Recorded data
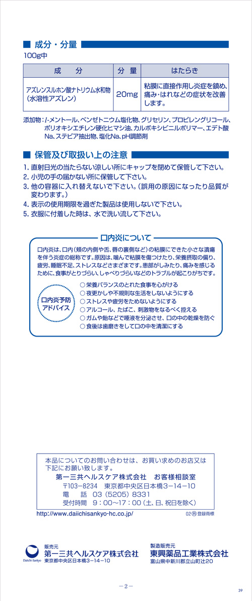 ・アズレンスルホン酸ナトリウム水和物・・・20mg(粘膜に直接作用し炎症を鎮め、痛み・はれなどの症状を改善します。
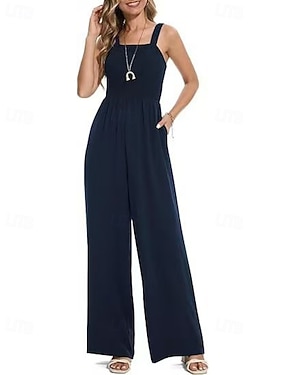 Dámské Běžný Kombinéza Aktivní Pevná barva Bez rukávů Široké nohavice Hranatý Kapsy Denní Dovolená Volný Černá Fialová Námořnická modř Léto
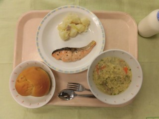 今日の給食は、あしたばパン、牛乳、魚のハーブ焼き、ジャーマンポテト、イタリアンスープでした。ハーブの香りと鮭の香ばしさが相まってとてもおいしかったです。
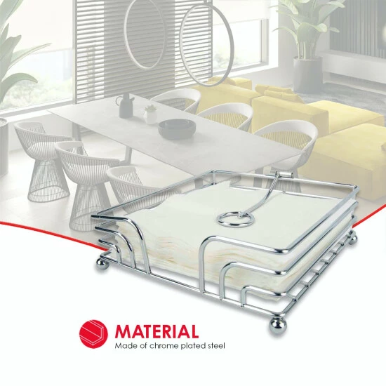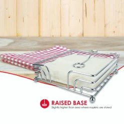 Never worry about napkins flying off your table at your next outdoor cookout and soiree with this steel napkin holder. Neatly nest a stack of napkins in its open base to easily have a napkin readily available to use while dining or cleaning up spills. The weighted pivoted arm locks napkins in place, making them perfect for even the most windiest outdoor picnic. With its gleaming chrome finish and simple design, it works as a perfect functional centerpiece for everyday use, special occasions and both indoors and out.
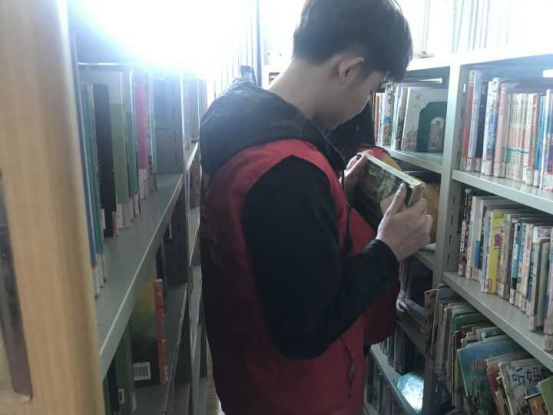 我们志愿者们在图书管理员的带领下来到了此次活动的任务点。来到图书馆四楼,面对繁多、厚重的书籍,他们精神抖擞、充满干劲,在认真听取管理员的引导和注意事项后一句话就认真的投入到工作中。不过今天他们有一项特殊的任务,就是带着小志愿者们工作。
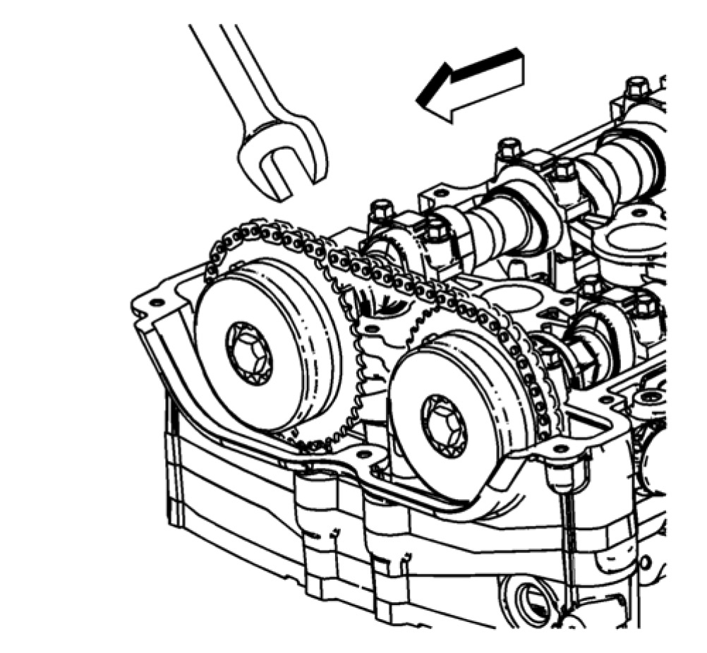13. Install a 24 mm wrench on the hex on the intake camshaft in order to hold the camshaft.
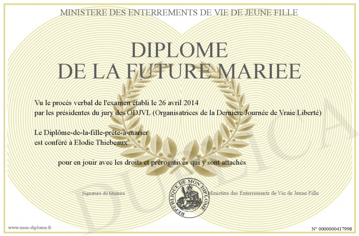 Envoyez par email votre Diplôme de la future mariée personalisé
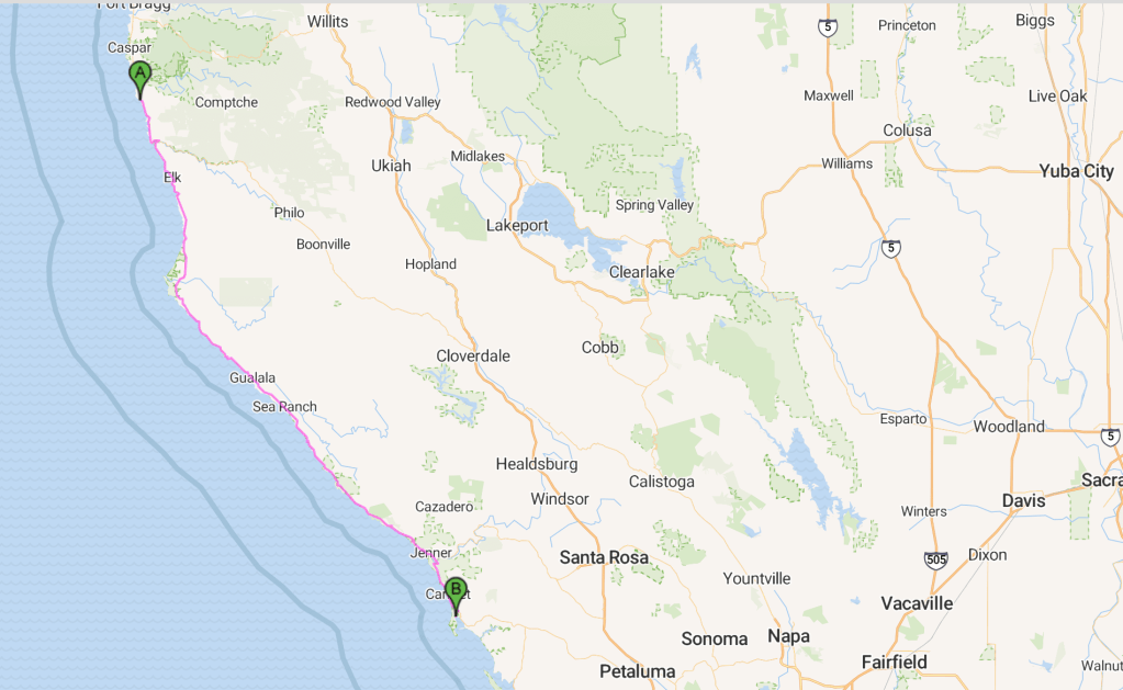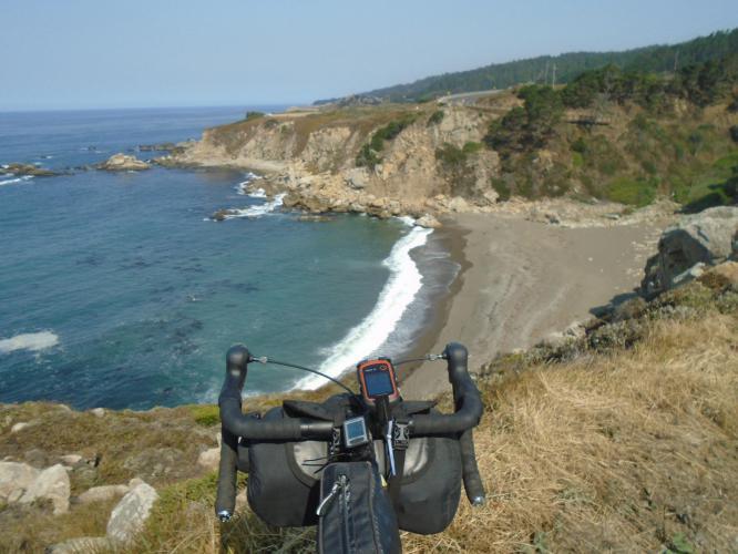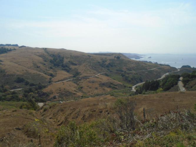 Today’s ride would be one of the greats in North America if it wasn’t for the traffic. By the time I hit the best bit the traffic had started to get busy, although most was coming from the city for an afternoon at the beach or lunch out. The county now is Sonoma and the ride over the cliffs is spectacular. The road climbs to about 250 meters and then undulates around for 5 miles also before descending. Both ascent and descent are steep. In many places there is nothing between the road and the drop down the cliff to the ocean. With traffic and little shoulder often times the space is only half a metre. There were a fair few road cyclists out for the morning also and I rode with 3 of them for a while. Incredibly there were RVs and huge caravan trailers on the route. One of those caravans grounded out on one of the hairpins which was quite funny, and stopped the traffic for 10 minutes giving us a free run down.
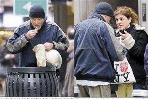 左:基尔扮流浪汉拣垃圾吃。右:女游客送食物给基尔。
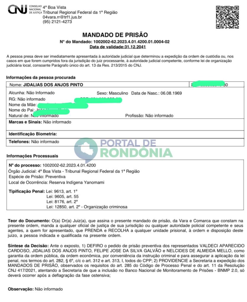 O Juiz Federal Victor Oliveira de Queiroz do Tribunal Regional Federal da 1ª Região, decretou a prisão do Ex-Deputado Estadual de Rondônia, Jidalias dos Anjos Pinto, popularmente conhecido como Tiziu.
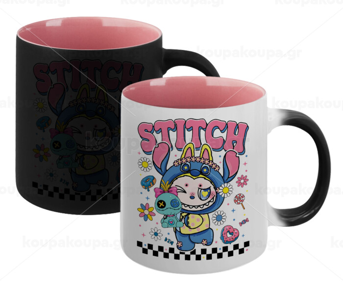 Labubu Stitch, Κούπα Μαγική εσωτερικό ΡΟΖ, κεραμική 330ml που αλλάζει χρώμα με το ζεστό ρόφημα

Brief:
Please print the data above in its entirety, exactly, but without any picture.

Output for this exercise:
 ・アズレンスルホン酸ナトリウム水和物・・・20mg(粘膜に直接作用し炎症を鎮め、痛み・はれなどの症状を改善します。
 Dámské Běžný Kombinéza Aktivní Pevná barva Bez rukávů Široké nohavice Hranatý Kapsy Denní Dovolená Volný Černá Fialová Námořnická modř Léto
 今日の給食は、あしたばパン、牛乳、魚のハーブ焼き、ジャーマンポテト、イタリアンスープでした。ハーブの香りと鮭の香ばしさが相まってとてもおいしかったです。
 Never worry about napkins flying off your table at your next outdoor cookout and soiree with this steel napkin holder. Neatly nest a stack of napkins in its open base to easily have a napkin readily available to use while dining or cleaning up spills. The weighted pivoted arm locks napkins in place, making them perfect for even the most windiest outdoor picnic. With its gleaming chrome finish and simple design, it works as a perfect functional centerpiece for everyday use, special occasions and both indoors and out.
 我们志愿者们在图书管理员的带领下来到了此次活动的任务点。来到图书馆四楼,面对繁多、厚重的书籍,他们精神抖擞、充满干劲,在认真听取管理员的引导和注意事项后一句话就认真的投入到工作中。不过今天他们有一项特殊的任务,就是带着小志愿者们工作。
13. Install a 24 mm wrench on the hex on the intake camshaft in order to hold the camshaft.
 Envoyez par email votre Diplôme de la future mariée personalisé
 Today’s ride would be one of the greats in North America if it wasn’t for the traffic. By the time I hit the best bit the traffic had started to get busy, although most was coming from the city for an afternoon at the beach or lunch out. The county now is Sonoma and the ride over the cliffs is spectacular. The road climbs to about 250 meters and then undulates around for 5 miles also before descending. Both ascent and descent are steep. In many places there is nothing between the road and the drop down the cliff to the ocean. With traffic and little shoulder often times the space is only half a metre. There were a fair few road cyclists out for the morning also and I rode with 3 of them for a while. Incredibly there were RVs and huge caravan trailers on the route. One of those caravans grounded out on one of the hairpins which was quite funny, and stopped the traffic for 10 minutes giving us a free run down.
 左:基尔扮流浪汉拣垃圾吃。右:女游客送食物给基尔。
 O Juiz Federal Victor Oliveira de Queiroz do Tribunal Regional Federal da 1ª Região, decretou a prisão do Ex-Deputado Estadual de Rondônia, Jidalias dos Anjos Pinto, popularmente conhecido como Tiziu.
 Labubu Stitch, Κούπα Μαγική εσωτερικό ΡΟΖ, κεραμική 330ml που αλλάζει χρώμα με το ζεστό ρόφημα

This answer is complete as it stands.